# CUPS printing help please



## hawkcra7 (Mar 5, 2010)

Hi, I am new to FreeBSD and relatively new to *nix and need some help before I pull all my hair out.  I have followed a few howto and been at it for a few days with no luck.

Here is my problem:
I installed FreeBSD 8 base, Xorg, gnome2 and cups (fresh install).

After setting up my printer I did a print test and everything worked (printer shows up in system-config-printer as well).  My problem is this, the printer does not seem to show up in any application printer dialogs (File->Print) when I try and print.  The only printer that shows up is LPR (which I dont have the daemon running).

My Ubuntu box even picks up the printer from my FreeBSD CUPS (I shared it) in the application print dialog box.

I know for sure the driver is working because I can print to the cups server (FreeBSD box) from other machines, just cannot seem to print locally (except print test) because I have no printer to select.

Is there another daemon or something that needs to be running so X applications see the cups printers?

Any help would be great.


----------



## hawkcra7 (Mar 5, 2010)

*fixed almost...*

Sorry, I should have searched the forums first.

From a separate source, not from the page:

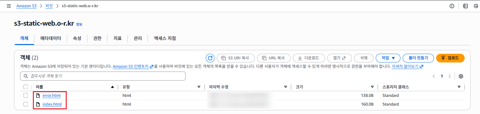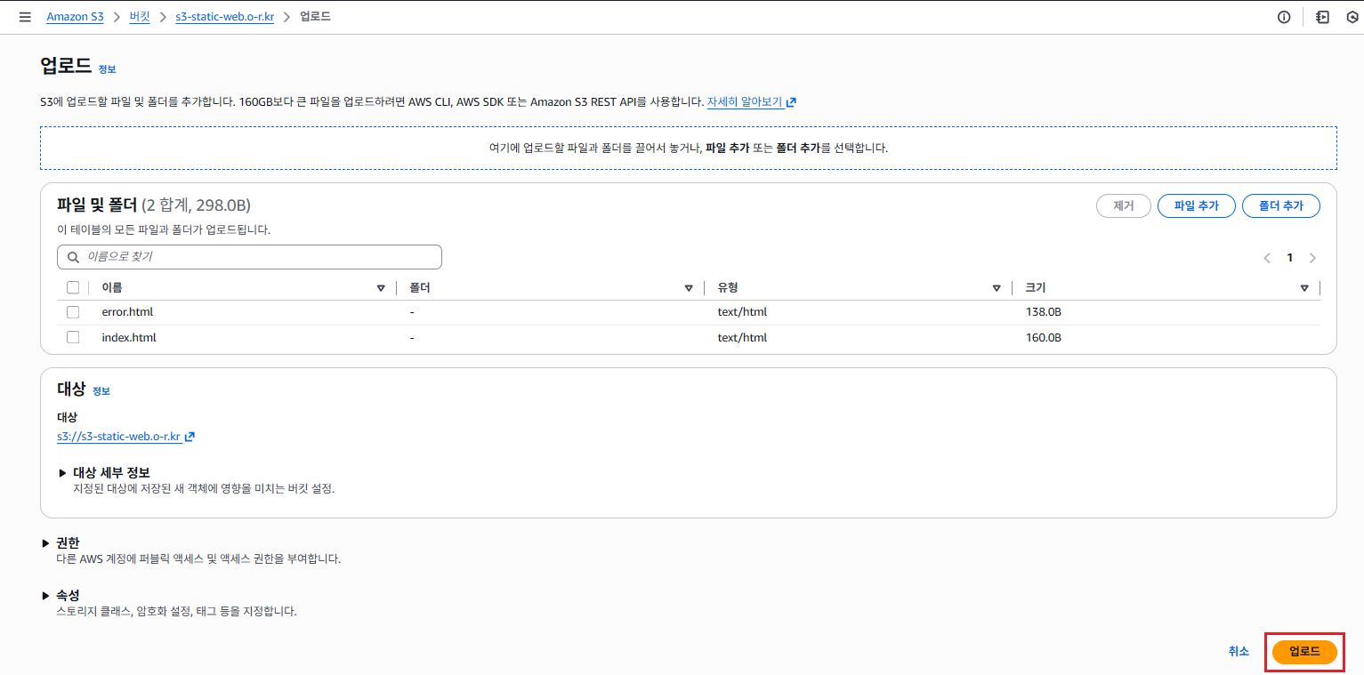 🪣 1. 버킷용 정적 웹 사이트 호스팅을 활성화할 때 표시될 인덱스 문서와 오류 문서 파일을 구성한 뒤 버킷에 업로드 합니다.

Found the tip I needed (posted by OKO):
`mv /usr/bin/lpr /usr/bin/lpr.bak`
I did this with: lp, lpq and lprm and everything prints fine with I print to the LPR.


I still need help with getting the actual CUPS printers to show up in the print dialog.

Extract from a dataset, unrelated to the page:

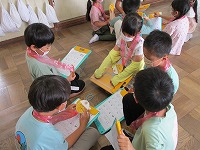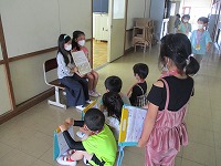2年生が1年生に校舎内を案内する学校探検が26日にありました。これまでに2年生はたくさん準備や練習をしてきました。待ちに待った学校探検、2年生はお兄さん・お姉さんとして張り切って案内し、1年生はいろいろな部屋に興味津々。学校のことがたくさんわかって、1年生はとっても喜んでいました。お互いの名前も覚え、これからも仲良く交流していけると思いました。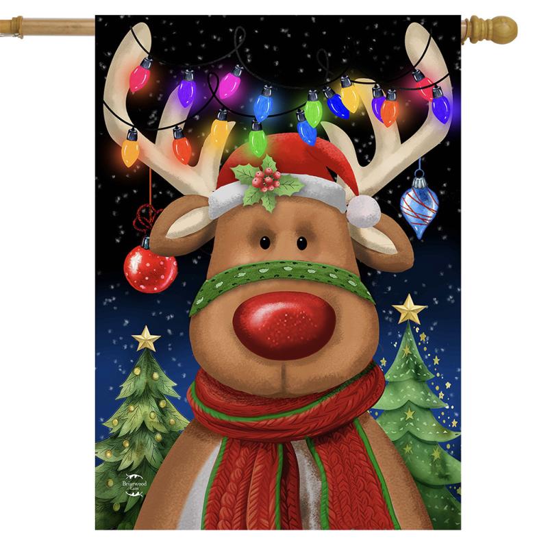 Description: The Festive Reindeer Home Flag measures 18" x 12.5". That adds a colorful, welcoming touch of the season to your home and garden with a premium decorative flag from Briarwood Lane. Their original artwork, printed on polyester material, is designed for outdoor display and provides unique designs that are as durable as they are beautiful! The text is correctly readable on one side. Flag stands are sold separately.

For example, in gedit on my FreeBSD box just lpr shows up but on my linux box gedit shows the actual cups printers.  Can anyone help/explain why this is?


----------



## achix (Mar 5, 2010)

did you try a rehash?
did you try restarting your gnome/kde/wm?

PS
In my home machine where i just tested gedit (and the printer shows up ok), for some reason i cant remember, both my /usr/bin and /usr/local/bin versions of lp* commands are from CUPS.:\


----------



## Time2IPL (Mar 6, 2010)

hawkcra7 said:
			
		

> ... Can anyone help/explain why this is?



You do have a working dbus, right?


----------



## achix (Mar 6, 2010)

In my home 7.1 i have neither dbus nor hald enabled and any app i tried (gnome/kde) finds my CUPS printer.


----------